=== Exercise instructions ===
Please write out all of the data below exactly, without including the pictures.

=== Data extract ===

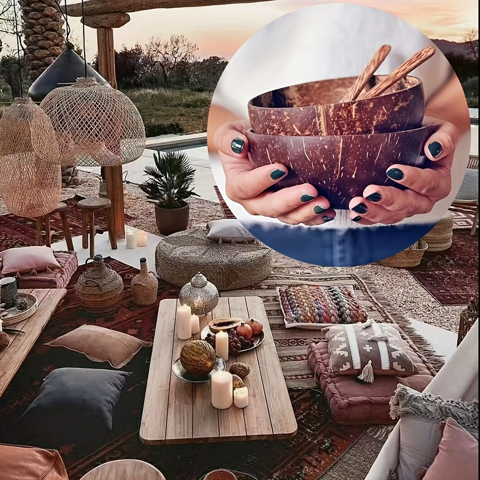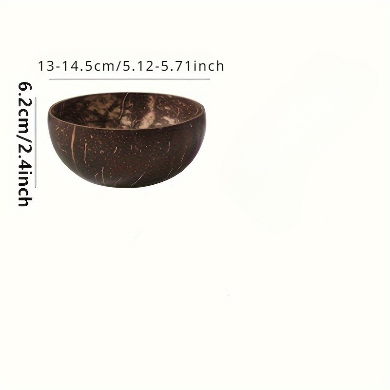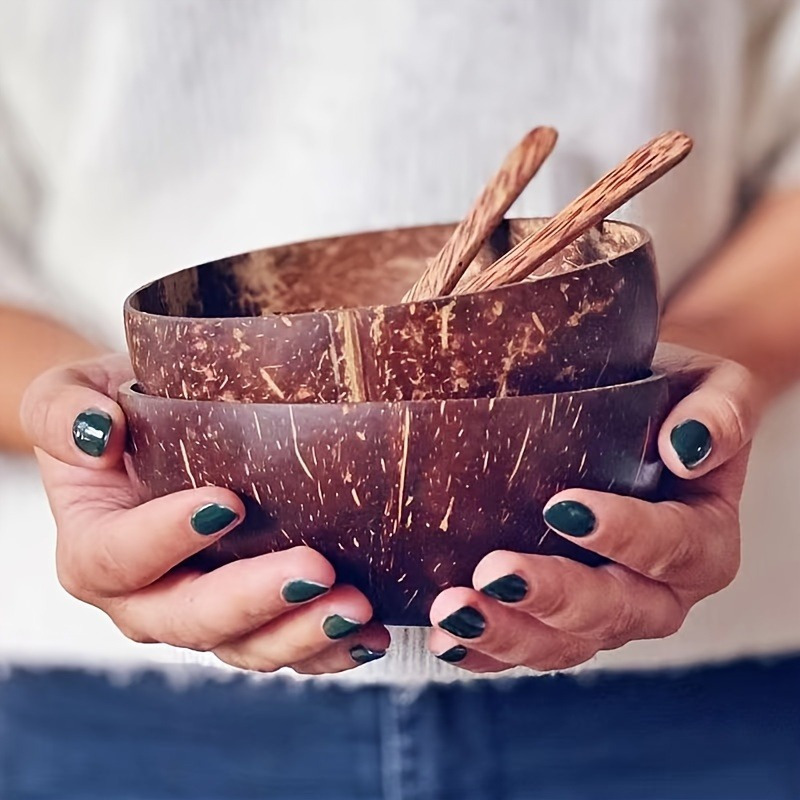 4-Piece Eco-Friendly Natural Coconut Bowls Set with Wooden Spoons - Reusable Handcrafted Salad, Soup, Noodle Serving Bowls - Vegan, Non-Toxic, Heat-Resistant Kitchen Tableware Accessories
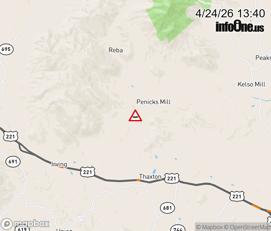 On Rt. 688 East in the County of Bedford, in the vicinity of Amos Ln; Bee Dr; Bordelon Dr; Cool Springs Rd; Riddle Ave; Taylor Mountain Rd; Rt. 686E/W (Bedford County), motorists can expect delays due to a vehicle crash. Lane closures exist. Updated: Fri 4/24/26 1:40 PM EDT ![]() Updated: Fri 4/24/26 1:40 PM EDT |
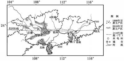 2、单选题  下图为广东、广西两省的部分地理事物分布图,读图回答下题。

=== Response ===
 4-Piece Eco-Friendly Natural Coconut Bowls Set with Wooden Spoons - Reusable Handcrafted Salad, Soup, Noodle Serving Bowls - Vegan, Non-Toxic, Heat-Resistant Kitchen Tableware Accessories
 On Rt. 688 East in the County of Bedford, in the vicinity of Amos Ln; Bee Dr; Bordelon Dr; Cool Springs Rd; Riddle Ave; Taylor Mountain Rd; Rt. 686E/W (Bedford County), motorists can expect delays due to a vehicle crash. Lane closures exist. Updated: Fri 4/24/26 1:40 PM EDT ![]() Updated: Fri 4/24/26 1:40 PM EDT |
 2、单选题  下图为广东、广西两省的部分地理事物分布图,读图回答下题。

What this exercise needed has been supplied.